Integrated geomechanical interpretation of hydraulic stimulation using distributed vibration sensing
In unconventional formations, attention is paid to the experiment well, or the first few trajectories drilled from a pad. Understanding derived from such wells provides the blueprint for large numbers of subsequent stimulation treatments. In recent years, there has been an interest in distributed measurements as an adjunct to the existing hydraulic fracture monitoring (HFM) workflow. Although at first a qualitative addition to real-time operational decisions, it has now become a tool for quantitatively assessing the flow into the reservoir.
In addition to distributed acoustic sensing (DAS) for flow allocation in treatment wells, and microseismic in monitoring wells, the distributed vibration sensing (DVS) systems have very broad-band response and can be used deep into the sub- 1Hz range of very low frequencies (VLF). Recent results indicate a response in monitoring wells that is sensitive to the fracturing process and consistent with induced strain. Although incomplete, laboratory tests, so far, seem to support this idea.
The design and interpretation of HFM, then, should incorporate all these aspects of fiber-recorded information. A review of the extension of existing workflows—used in planning and interpreting unconventional pads, which already provide the combination of complex fracture propagation with the geomechanical far-field response of the reservoir—will be presented. This drives the generation of geophysical synthetics, to aid microseismic monitoring design. Generating synthetic DVS responses across all frequency ranges, from VLF to microseismic and flow profiling, influences the design of the wellsite monitoring system.
THEORY/METHODS
We extend existing workflows used in designing and interpreting hydraulic fracture monitoring, to incorporate the new information from distributed acoustic sensing (DAS). The existing geomechanical approach provides the changes in effective stress and plastic strains that indicate the propensity for microseismic events to occur. Once we have identified regions and potential mechanisms of microseisms, we translate the geomechanical model into an anisotropic geophysical model and simulate example test events, using finite-difference methods. The same approach also estimates the time-lapse vertical seismic profile (VSP) response, another way that DAS has been used in the field.

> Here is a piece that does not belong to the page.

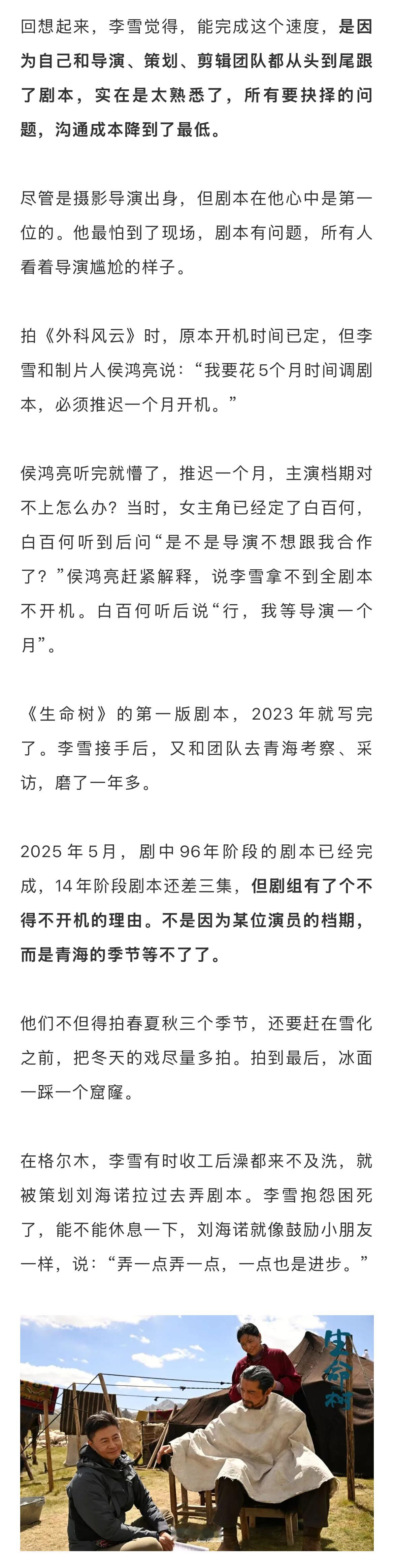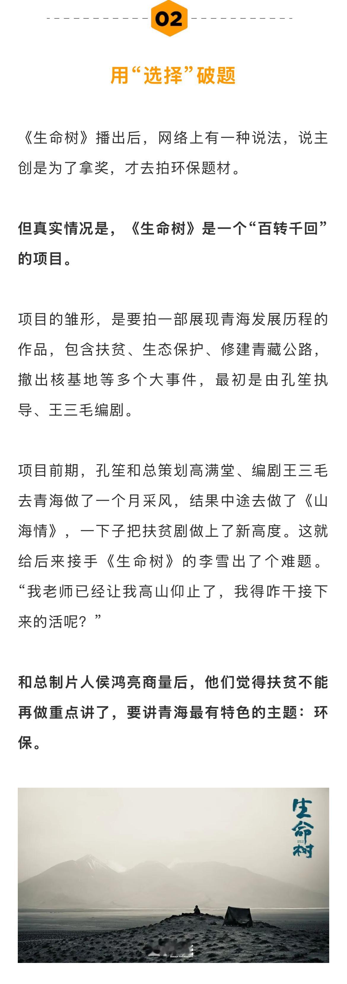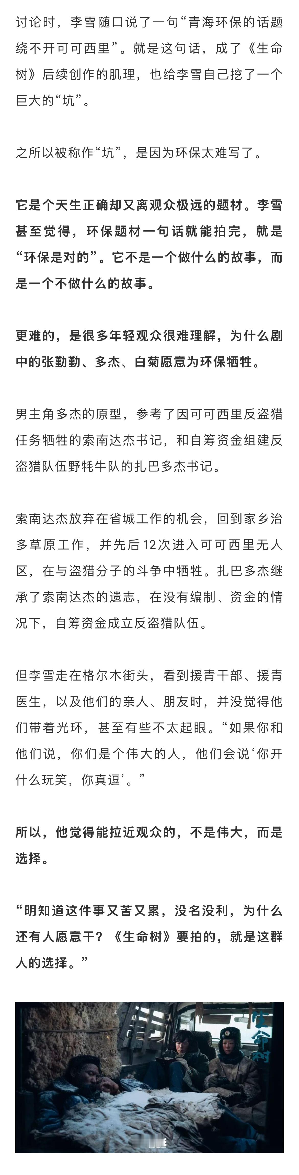 导演回应生命树豆瓣一星差评生命树导演说很佩服杨紫 《生命树》是一个“百转千回”的项目。项目前期,孔笙和总策划高满堂、编剧王三毛去青海做了一个月采风,结果中途去做了《山海情》,一下子把扶贫剧做上了新高度。这就给后来接手《生命树》的李雪出了个难题。后来讨论时,李雪随口说了一句“青海环保的话题绕不开可可西里”。就是这句话,成了《生命树》后续创作的肌理,也给李雪自己挖了一个巨大的“坑”。杨紫胡歌拍生命树都出现了高反

This approach incorporates pump schedule design and microseismic response. The fracture simulators already capture details, such as perforation erosion and interaction with far-field natural fractures, so that the forward modelling of the expected flow allocation can be provided for comparison to the DVS response in real time.

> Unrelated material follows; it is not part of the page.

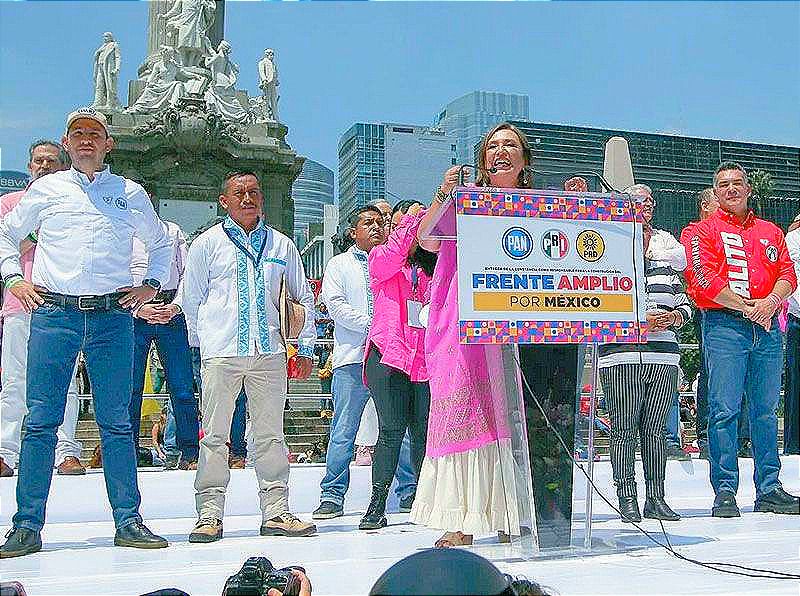 Para marcar el tono ciudadano de su futura campaña, Gálvez invitó a la ceremonia a Ceci Flores, una madre que busca a su hijo desaparecido, a Elsa Ortigoza, una mujer humilde cuyo hijo se graduó como odontólogo – la retrató como representante de los “aspiracionistas”--, y Nicolás Olguin, presidente de bienes comunales en Ixmiquilpan, Hidalgo e involucrado en la lucha por las tierras indígenas. “Este frente es amplio, en este frente cabemos todos”, dijo

The very low frequency (VLF) response at the monitoring well, on the other hand, is not captured in the original workflow. The VLF response is indicative of changes in temperature and in strain along the fiber. Currently, we treat these separately. The extension to warm-back simulation for distributed temperature sensing (DTS) analysis has been reported elsewhere. In our approach, we incorporate both the injection and flowback temperature changes by first modelling the fracture propagation with the fracture model. We then construct a thermal reservoir simulation model. We use it to model the injection and subsequent flowback, including the temperature changes occurring as the frac fluid is loaded with sand. This approach can also be used for planning distributed temperature sensing (DTS).

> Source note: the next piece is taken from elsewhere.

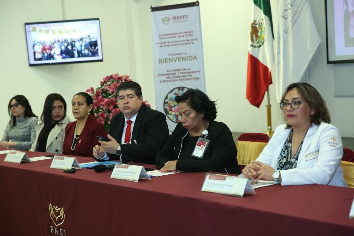 La subdelegada médica de la Zona Regional Oriente del instituto en la Ciudad de México, Rocío González Gutiérrez, inauguró el curso “En la prevención y tratamiento del consumo de sustancias psicoactivas”, en la Unidad de Profesionalización y Escuela Nacional de Enfermería (UPyENE), dirigido al personal que labora en clínicas y hospitales del Issste.

The strain changes along the fiber in an offset monitoring well during fracturing and shut-in are modelled in a stepwise manner. We split the pump schedule into ten sections and capture the placed fracture and its internal pressure at each of these time sections. The far-field geomechanical response is then computed as the change in strain from one placed fracture state to the next. The resulting strain responses are considered indicative of the expected fracture position for each given cumulative injected volume. In this way, if the fractures for a given stage are propagating asymmetrically, this will be indicated by a difference in the expected response as being either early or late, compared to the simulated responses.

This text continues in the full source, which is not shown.